Methodology & Theoretical Orientation: PEGylation is a commonly utilized technique to improve drug blood circulation time, reduce immunogenicity, and decrease dosing frequency of peptide and protein drugs. As with any form of molecular modification, the active site is affected and can drastically decrease the bioactivity of the therapeutic agent due to the steric hindrance, especially when conjugate small molecular weight molecules such as peptides with high molecular weight PEGs. Therefore, it is generally accepted that a balance must be obtained between the molecular weight of the PEG and the activity of the therapeutic molecule to reach a sufficient drug efficacy.

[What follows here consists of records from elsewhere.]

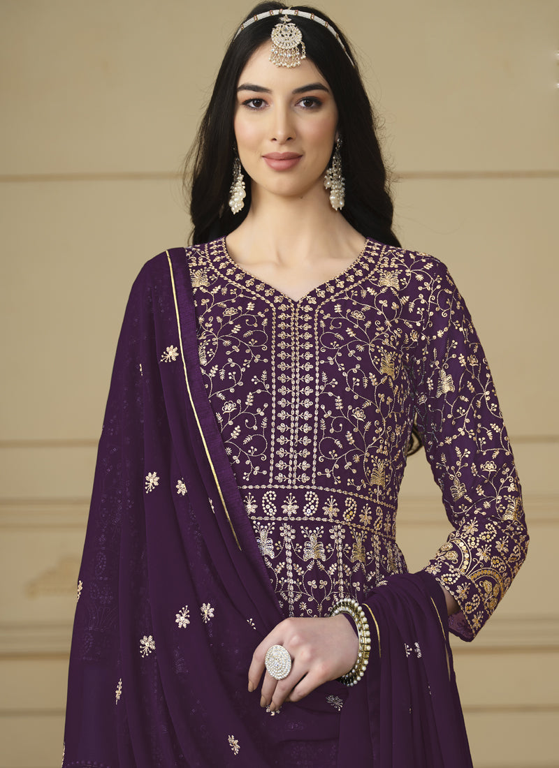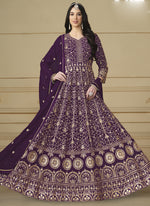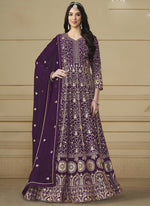 Vegaa Fashion Designer Violet Faux Georgette Embroidery Anarkali Suit
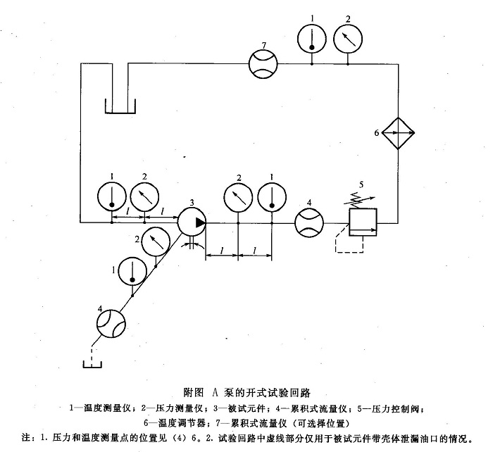 c. 如果測試的是雙向泵,應對附圖A和附圖B所示的試驗回路作適當修改,因為附圖A和附圖B所示的試驗回路僅適用于單向泵的試驗。
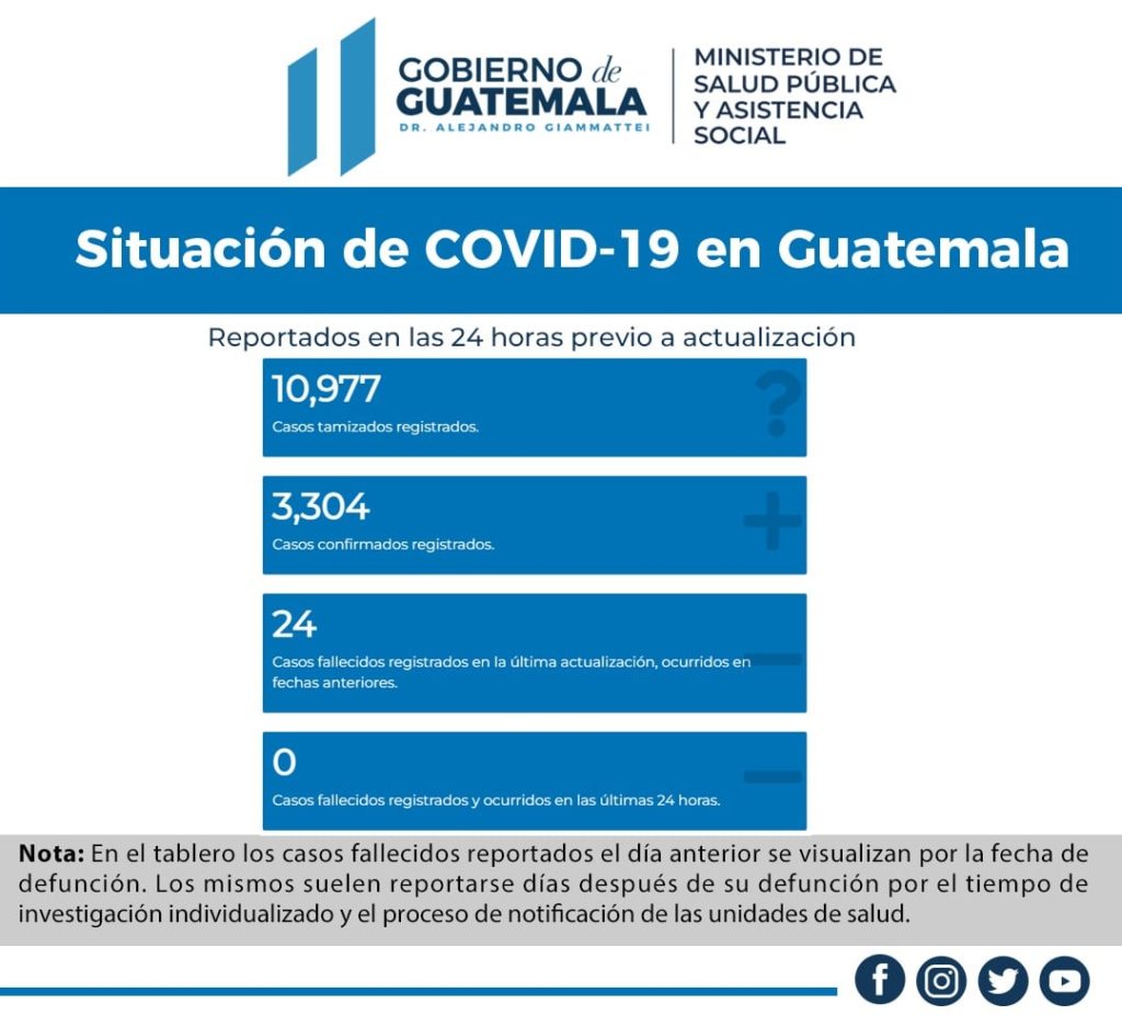 El Ministerio de Salud Pública y Asistencia Social (MSPAS), informa este 4 de febrero de 2022 los casos confirmados por laboratorio en el tablero Situación COVID-19 en Guatemala. Corresponde al 3 de febrero de 2022 de 00:00 a 23:59 horas.

To solve this problem, we focused on the balancing between PEG size and shape in addition to the site-specific bioconjugation.

Findings: Unlike the existing PEGylation technology, we developed a novel PEGylation method with a very long half-life combined with the retention of the peptide activity, resulting in a long duration of action with potentially reduced adverse effects in humans. By utilizing this novel PEGylation technique, we designed a new long-acting GLP-1R agonist, PEGylated exendin-4 (Olaedin®). The Olaedin was evaluated extensively in vitro and in vivo with a very long half-life (88 hour in non-human primates vs. 2 hour exendine-4) without the loss of its biological activity. We also tested the therapeutic potential of Olaedin® on the type-2 diabetes and Parkinson’s disease animal models.

Conclusion & Significance: Strategic PEGylation can be a platform technology to extend the half-life while preserving the biological activity of peptide and small protein drugs.